Sign in to view source links and access this dataset
Description
16,130 images and 1,353 human-annotated multiple-choice questions across 9 distinct scenarios form this benchmark for evaluating vision-centric multimodal retrieval-augmented generation (RAG) abilities in Large Vision Language Models (LVLMs). The dataset, named MRAG-Bench, was created by uclanlp and last updated on November 5, 2024. It provides a systematic evaluation framework for both open-source and proprietary models.
Use Cases
Benchmarking the vision-centric RAG performance of Large Vision Language Models based on the 9 distinct scenarios.
Evaluating model retrieval and generation accuracy using the 1,353 human-annotated multiple-choice questions.

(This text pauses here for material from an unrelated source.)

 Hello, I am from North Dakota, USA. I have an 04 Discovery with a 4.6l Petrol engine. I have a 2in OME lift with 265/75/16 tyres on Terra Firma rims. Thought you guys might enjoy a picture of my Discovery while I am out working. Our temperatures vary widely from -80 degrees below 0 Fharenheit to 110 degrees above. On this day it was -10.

Comparing the capabilities of different multimodal architectures, as the description mentions evaluation of 10 open-source and 4 proprietary models.
Strengths
Contains 16,130 images, providing a substantial visual corpus for evaluation.

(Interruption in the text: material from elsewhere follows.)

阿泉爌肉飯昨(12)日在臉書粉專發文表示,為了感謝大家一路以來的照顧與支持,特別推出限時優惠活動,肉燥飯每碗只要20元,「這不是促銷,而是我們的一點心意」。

Includes 1,353 human-annotated multiple-choice questions, offering a structured test set.
Covers 9 distinct scenarios, suggesting a systematic approach to evaluating different RAG abilities.
Limitations
Column-level documentation is absent; field semantics must be inferred after download.

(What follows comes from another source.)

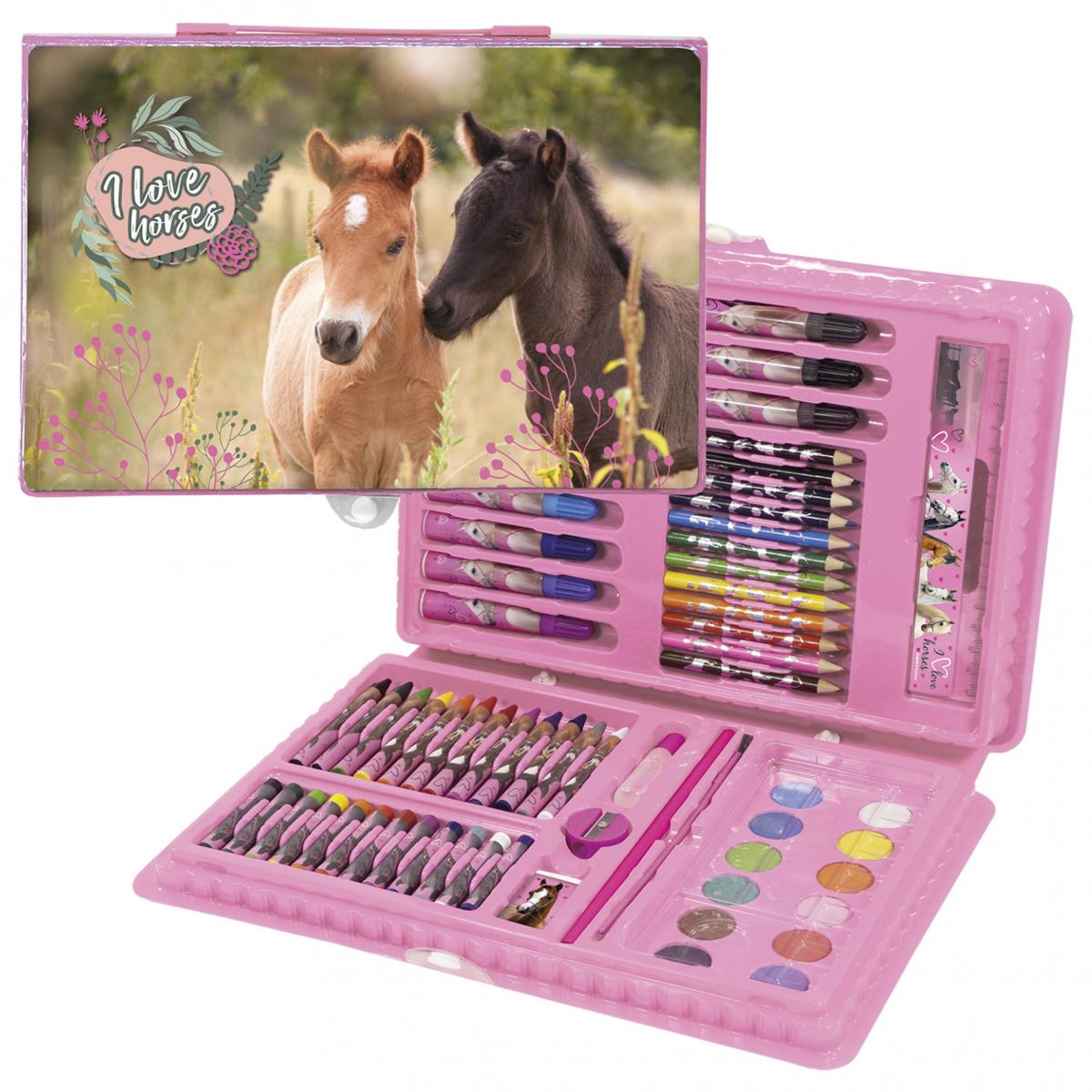 Potisk s motivem Koně je na všech dílech sady a na uzavíratelném plastovém  kufříku s ouškem.

Row count is unknown, which may limit suitability assessment for specific training or validation splits.
Description metadata is limited; actual data quality and format require manual inspection after download.
Provenance
Source
uclanlp via Hugging Face
Collection Method
Human-annotated, as indicated by the description of multiple-choice questions.
Freshness
Last updated 2024-11-05 18:44:48; freshness should be verified.
License is unknown; users should verify terms of use before downloading.